What you will do:
Repeat the data verbatim, images excluded.

Source data:
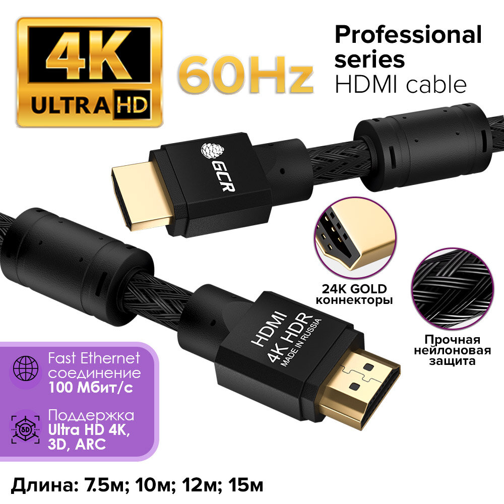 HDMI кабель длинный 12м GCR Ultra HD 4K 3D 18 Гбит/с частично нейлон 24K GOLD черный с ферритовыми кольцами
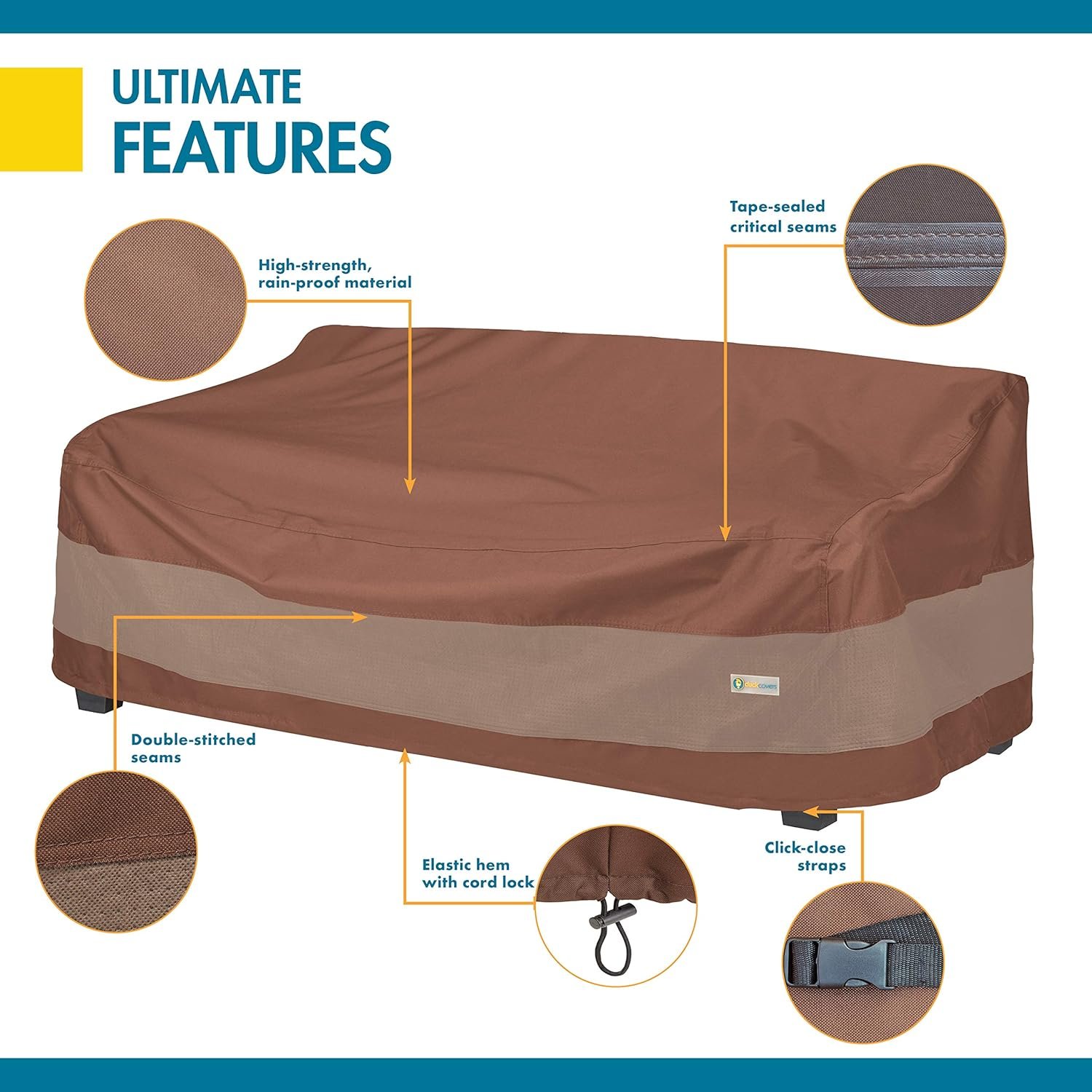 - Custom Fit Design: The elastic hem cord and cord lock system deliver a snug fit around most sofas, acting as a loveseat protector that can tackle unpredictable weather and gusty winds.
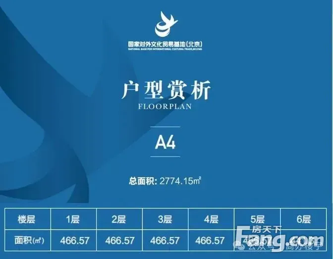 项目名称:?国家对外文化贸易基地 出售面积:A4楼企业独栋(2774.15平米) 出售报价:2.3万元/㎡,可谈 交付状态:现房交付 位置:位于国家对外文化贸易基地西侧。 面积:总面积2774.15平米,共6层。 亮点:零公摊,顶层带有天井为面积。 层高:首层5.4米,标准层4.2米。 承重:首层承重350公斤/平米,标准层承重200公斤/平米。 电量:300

Problem solution:
 HDMI кабель длинный 12м GCR Ultra HD 4K 3D 18 Гбит/с частично нейлон 24K GOLD черный с ферритовыми кольцами
 - Custom Fit Design: The elastic hem cord and cord lock system deliver a snug fit around most sofas, acting as a loveseat protector that can tackle unpredictable weather and gusty winds.
 项目名称:?国家对外文化贸易基地 出售面积:A4楼企业独栋(2774.15平米) 出售报价:2.3万元/㎡,可谈 交付状态:现房交付 位置:位于国家对外文化贸易基地西侧。 面积:总面积2774.15平米,共6层。 亮点:零公摊,顶层带有天井为面积。 层高:首层5.4米,标准层4.2米。 承重:首层承重350公斤/平米,标准层承重200公斤/平米。 电量:300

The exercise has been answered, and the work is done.